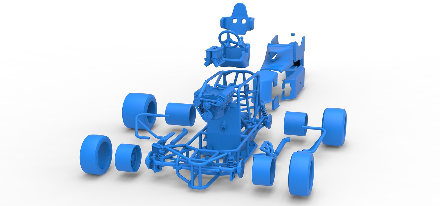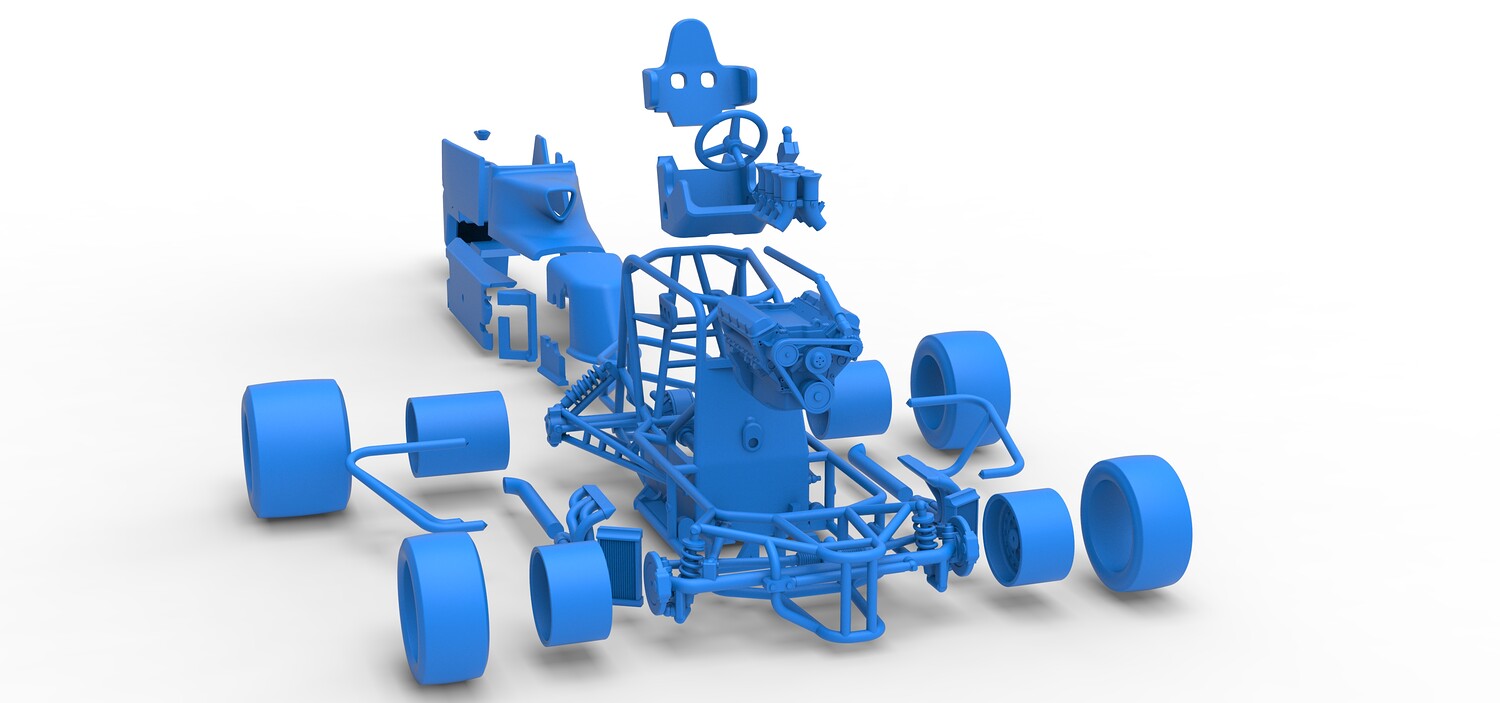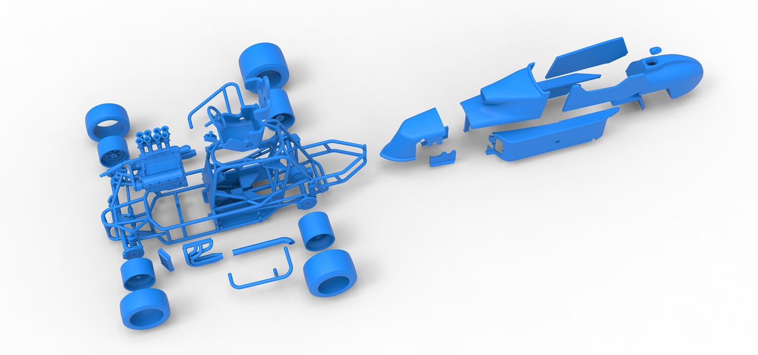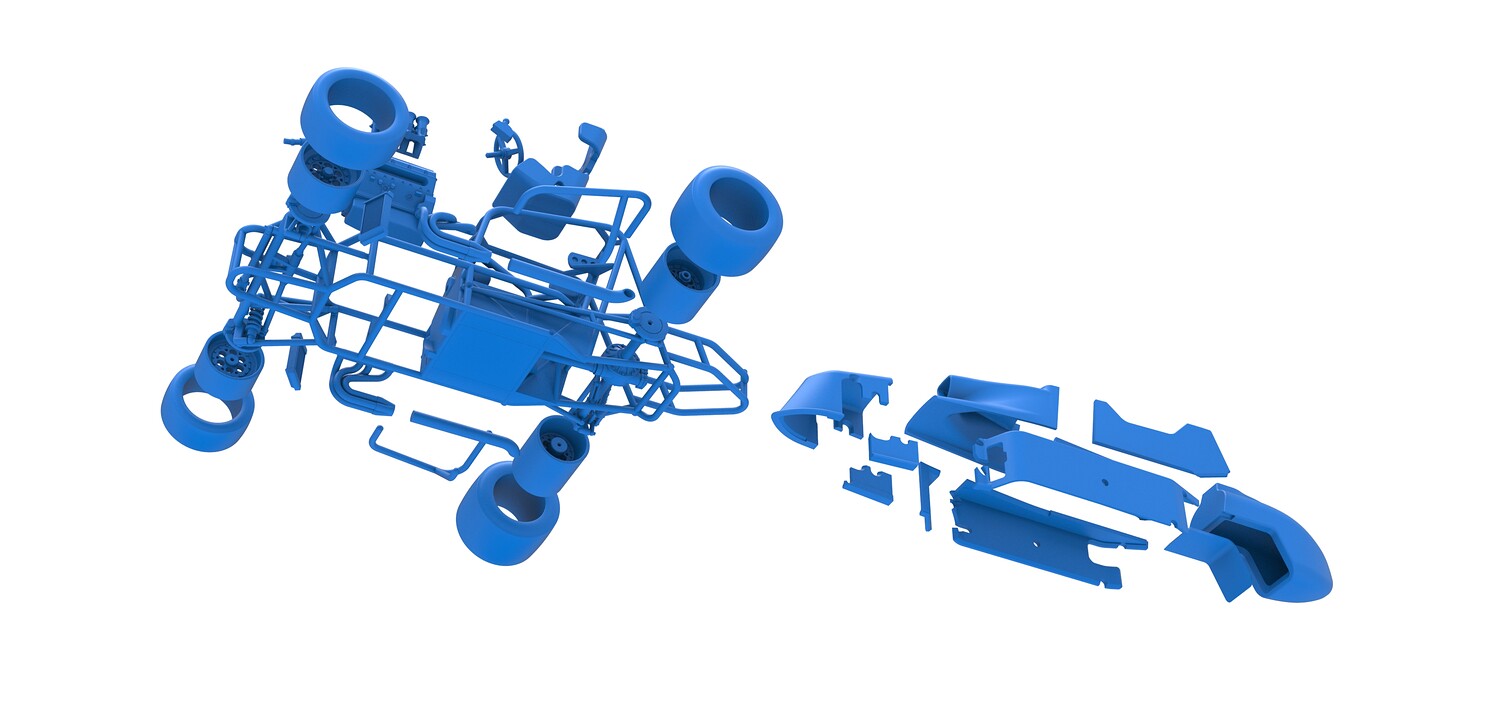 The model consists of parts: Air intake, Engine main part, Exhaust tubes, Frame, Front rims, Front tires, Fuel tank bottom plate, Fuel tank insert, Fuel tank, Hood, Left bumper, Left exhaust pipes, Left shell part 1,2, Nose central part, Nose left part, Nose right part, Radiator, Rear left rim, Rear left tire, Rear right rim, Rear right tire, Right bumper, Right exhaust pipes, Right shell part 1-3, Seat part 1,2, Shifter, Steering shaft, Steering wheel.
* * * * * * * * *
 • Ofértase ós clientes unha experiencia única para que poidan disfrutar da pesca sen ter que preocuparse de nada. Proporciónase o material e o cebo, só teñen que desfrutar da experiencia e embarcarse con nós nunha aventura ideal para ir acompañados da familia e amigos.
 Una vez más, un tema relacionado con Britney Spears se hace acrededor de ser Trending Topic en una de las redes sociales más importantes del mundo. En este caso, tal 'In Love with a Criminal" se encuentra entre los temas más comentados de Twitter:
* * * * * * * * *
» **AIM OF THE TASK**
Would you copy, unchanged, the stretch of the records above that begins at the line containing "familia e amigos." and ends at the line containing "Una vez más, un", and only that?

» **YOUR RESPONSE**
 • Ofértase ós clientes unha experiencia única para que poidan disfrutar da pesca sen ter que preocuparse de nada. Proporciónase o material e o cebo, só teñen que desfrutar da experiencia e embarcarse con nós nunha aventura ideal para ir acompañados da familia e amigos.
 Una vez más, un tema relacionado con Britney Spears se hace acrededor de ser Trending Topic en una de las redes sociales más importantes del mundo. En este caso, tal 'In Love with a Criminal" se encuentra entre los temas más comentados de Twitter:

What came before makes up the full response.